Figure 11 shows the simulated (Sim.) and measured (Mea.) total efficiencies across the required bands with different values of H_w. As can be seen, the more water it is filled with, the lower the efficiency will be. The average simulated and measured total efficiencies are both larger than 64% when 4 mm ≤ H_w ≤10 mm. However, when H_w = 0 mm, meant that no distilled water is loaded in the driven element, the total efficiency is around 81%. It can be explained that the distilled water could slightly degrade the efficiency due to its loss characteristics. Reasonable agreement between the simulation and measurement is revealed.

The measured reflection coefficients for the three cases mentioned in Section 3.2 are shown in Figure 12. It can be seen that the center resonant frequencies of Case 1, Case 2 and Case 3 are 4.48 GHz, 4.36 GHz and 4.27 GHz, respectively, which are very close to the simulated results as shown in Figure 5. Minor deviation may be traced to the manually operated syringe system and the tolerances caused by the manufacturing process.

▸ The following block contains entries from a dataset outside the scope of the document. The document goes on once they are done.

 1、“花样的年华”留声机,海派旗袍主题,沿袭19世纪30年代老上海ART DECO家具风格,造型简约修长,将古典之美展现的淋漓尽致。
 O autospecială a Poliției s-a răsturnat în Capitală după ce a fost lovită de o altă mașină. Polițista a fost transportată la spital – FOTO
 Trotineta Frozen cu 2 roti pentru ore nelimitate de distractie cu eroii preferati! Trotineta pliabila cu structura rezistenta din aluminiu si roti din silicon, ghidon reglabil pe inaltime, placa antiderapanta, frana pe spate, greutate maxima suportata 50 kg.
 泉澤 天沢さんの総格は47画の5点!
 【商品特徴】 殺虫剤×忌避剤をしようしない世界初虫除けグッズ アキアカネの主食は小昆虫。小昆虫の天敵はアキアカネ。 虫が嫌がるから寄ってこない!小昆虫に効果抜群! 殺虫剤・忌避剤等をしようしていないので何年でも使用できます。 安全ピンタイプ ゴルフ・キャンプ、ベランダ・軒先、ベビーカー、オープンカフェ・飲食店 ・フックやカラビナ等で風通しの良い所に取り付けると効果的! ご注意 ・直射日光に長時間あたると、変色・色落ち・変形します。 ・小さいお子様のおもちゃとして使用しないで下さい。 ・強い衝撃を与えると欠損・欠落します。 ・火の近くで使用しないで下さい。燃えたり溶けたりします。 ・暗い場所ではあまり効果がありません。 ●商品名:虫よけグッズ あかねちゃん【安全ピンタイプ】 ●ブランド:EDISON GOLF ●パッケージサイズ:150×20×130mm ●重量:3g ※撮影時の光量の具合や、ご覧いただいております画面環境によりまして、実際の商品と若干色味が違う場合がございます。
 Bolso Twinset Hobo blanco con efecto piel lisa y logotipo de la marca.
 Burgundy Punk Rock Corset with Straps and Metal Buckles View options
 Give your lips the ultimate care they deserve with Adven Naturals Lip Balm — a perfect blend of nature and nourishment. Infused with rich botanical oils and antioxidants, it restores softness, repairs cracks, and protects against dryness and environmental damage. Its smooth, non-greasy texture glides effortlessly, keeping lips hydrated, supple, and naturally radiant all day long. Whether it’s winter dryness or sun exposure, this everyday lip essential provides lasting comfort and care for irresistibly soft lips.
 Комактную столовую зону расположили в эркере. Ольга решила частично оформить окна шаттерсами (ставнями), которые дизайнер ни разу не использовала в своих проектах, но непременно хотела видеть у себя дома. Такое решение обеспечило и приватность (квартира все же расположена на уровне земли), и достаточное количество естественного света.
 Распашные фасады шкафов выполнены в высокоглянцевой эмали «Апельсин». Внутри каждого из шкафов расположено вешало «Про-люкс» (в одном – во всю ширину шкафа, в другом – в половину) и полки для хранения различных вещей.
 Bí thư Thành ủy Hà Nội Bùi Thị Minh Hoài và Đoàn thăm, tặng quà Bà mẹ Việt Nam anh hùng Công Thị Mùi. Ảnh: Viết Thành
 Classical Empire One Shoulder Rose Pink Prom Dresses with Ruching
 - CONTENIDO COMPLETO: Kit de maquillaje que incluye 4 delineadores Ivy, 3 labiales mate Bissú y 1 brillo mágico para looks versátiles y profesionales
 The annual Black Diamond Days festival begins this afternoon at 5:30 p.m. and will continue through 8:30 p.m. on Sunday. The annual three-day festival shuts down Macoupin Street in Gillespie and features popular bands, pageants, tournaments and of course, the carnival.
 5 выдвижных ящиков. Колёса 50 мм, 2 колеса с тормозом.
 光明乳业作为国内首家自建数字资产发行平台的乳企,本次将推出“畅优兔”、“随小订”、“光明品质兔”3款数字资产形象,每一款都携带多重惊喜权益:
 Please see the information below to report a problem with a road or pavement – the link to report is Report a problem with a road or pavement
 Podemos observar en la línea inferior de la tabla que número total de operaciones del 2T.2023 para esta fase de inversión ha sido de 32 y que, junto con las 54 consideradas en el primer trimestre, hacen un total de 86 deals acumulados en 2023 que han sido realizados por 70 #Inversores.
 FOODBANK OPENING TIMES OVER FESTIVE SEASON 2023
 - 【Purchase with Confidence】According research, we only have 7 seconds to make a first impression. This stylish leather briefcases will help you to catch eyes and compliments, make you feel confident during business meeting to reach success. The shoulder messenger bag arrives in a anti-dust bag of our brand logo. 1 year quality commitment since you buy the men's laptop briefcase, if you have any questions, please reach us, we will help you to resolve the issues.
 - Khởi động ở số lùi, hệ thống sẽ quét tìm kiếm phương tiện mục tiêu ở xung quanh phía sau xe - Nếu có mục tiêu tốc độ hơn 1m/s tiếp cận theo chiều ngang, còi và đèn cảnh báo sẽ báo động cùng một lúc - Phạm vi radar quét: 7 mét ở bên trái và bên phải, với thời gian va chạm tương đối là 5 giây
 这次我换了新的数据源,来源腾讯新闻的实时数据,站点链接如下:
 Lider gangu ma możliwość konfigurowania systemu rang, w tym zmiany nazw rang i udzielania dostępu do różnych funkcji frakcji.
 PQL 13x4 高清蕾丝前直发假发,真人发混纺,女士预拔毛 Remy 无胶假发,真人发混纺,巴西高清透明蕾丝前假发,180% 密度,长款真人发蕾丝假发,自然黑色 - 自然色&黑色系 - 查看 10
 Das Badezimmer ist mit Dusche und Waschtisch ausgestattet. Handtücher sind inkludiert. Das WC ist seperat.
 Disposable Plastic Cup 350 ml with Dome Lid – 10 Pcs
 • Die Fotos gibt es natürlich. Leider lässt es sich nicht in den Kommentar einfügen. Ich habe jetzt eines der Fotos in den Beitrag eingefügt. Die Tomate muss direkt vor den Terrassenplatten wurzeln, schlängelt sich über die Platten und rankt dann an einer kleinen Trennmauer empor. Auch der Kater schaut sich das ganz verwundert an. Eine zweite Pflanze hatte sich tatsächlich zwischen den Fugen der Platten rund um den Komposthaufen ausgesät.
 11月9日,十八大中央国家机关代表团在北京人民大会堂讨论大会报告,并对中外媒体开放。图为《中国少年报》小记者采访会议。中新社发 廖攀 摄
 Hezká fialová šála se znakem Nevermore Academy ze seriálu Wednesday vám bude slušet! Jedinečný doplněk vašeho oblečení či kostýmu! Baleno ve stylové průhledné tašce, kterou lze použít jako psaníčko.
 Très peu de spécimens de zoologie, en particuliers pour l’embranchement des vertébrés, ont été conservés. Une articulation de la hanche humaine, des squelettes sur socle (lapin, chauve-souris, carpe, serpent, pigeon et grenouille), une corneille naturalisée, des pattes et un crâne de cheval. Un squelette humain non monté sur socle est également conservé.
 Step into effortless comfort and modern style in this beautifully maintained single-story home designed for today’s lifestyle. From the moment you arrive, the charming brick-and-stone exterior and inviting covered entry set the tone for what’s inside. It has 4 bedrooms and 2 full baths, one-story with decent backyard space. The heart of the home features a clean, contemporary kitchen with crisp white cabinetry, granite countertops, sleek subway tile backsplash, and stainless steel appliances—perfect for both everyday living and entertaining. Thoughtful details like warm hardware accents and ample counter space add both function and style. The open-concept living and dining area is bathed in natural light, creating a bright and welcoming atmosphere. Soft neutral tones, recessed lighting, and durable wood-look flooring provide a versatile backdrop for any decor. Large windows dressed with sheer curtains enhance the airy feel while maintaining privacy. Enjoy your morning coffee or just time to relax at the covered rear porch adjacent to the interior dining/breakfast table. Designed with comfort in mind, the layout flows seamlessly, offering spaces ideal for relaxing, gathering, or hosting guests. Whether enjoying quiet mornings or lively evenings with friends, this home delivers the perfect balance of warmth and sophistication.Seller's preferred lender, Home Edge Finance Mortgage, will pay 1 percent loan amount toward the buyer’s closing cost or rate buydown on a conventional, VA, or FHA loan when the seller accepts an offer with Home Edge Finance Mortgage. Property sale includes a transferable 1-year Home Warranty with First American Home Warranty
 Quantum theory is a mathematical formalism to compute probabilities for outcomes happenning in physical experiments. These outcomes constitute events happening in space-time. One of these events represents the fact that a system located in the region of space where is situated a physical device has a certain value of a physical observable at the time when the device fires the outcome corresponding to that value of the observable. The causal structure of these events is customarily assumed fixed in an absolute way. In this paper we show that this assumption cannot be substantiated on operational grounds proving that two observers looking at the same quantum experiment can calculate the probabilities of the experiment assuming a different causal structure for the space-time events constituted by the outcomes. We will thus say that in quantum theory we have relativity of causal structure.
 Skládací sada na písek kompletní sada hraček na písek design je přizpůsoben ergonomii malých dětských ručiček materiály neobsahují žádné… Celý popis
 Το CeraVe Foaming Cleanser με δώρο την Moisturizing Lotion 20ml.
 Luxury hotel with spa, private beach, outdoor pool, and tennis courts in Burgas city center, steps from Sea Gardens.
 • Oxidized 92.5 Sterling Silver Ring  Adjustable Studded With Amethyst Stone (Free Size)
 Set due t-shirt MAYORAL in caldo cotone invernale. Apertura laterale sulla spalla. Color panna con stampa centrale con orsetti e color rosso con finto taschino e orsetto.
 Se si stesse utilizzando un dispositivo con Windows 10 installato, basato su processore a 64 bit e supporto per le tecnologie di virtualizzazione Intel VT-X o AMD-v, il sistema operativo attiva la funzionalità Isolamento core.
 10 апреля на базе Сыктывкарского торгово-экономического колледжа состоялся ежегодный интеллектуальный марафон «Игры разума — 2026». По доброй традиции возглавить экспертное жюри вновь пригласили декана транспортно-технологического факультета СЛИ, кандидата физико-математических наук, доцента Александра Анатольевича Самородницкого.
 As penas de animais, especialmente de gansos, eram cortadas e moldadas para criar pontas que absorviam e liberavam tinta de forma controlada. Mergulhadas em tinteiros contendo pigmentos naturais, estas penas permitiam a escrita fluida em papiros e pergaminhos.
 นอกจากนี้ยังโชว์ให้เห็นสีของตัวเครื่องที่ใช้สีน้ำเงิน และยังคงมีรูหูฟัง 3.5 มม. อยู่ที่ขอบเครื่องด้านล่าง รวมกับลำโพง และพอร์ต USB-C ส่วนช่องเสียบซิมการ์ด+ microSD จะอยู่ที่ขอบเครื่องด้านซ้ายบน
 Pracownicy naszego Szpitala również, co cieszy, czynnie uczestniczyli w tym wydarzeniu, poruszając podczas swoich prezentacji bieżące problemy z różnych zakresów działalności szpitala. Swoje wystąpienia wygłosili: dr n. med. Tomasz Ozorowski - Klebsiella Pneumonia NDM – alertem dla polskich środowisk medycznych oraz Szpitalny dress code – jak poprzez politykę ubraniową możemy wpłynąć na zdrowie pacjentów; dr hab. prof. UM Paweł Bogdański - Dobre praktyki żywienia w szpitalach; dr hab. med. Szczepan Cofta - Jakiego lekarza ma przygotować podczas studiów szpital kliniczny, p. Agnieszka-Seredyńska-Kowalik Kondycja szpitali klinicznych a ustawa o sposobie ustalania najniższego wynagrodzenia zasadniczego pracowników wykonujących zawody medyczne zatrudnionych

Figure 13 shows the simulated (Sim.) and measured (Mea.) total efficiencies of the proposed three cases. One can observe that the average simulated and measured total efficiencies are both larger than 61% across the required bands.

The radiation patterns of the proposed antenna have been measured in an anechoic chamber. Figure 14 depicts the measured far-filed gain patterns for Case 1, Case 2 and Case 3, respectively. It is obvious that the proposed antenna can generate three directional patterns on xoz-plane and xoz-plane. For the three cases, the measured maximum radiation direction is orienting to boresight direction, i.e., around 0° along +x-axis, with different peak gains and different beamwidths. The maximum peak gain of 4.1 dBi is obtained for Case 3 while the minimum peak gain of 3.6 dBi appears in Case 1, showing that a beam steering along a fixed direction with a gain variation within 0.5 dB could be obtained.

5. Conclusions

A novel hybrid water antenna with tunable frequency and beamwidth characteristic was proposed in the work. The antenna utilizes an L-shaped strip feeder to effectively broaden the operating bandwidth. The L-shaped strip feeder and a rectangular water dielectric resonator constitute the driven element. Five identical rectangular water dielectric elements acting as the directors are mounted along with the driven element, which have the function of narrowing the beamwidth and increasing the gain. By varying the height of the liquid water injected in the driven element, the proposed antenna is able to operate at different frequencies. Meanwhile, by varying the number of director elements, the proposed antenna has the capability to tune to different beamwidths and gains. A prototype was fabricated by using 3-D printing technology to verify the design concept. Measured results agree well with the simulated ones. A tunable frequency range from 4.66 GHz to 5.65 GHz and a beam steering along a fixed direction with a gain variation within 0.5 dB are obtained.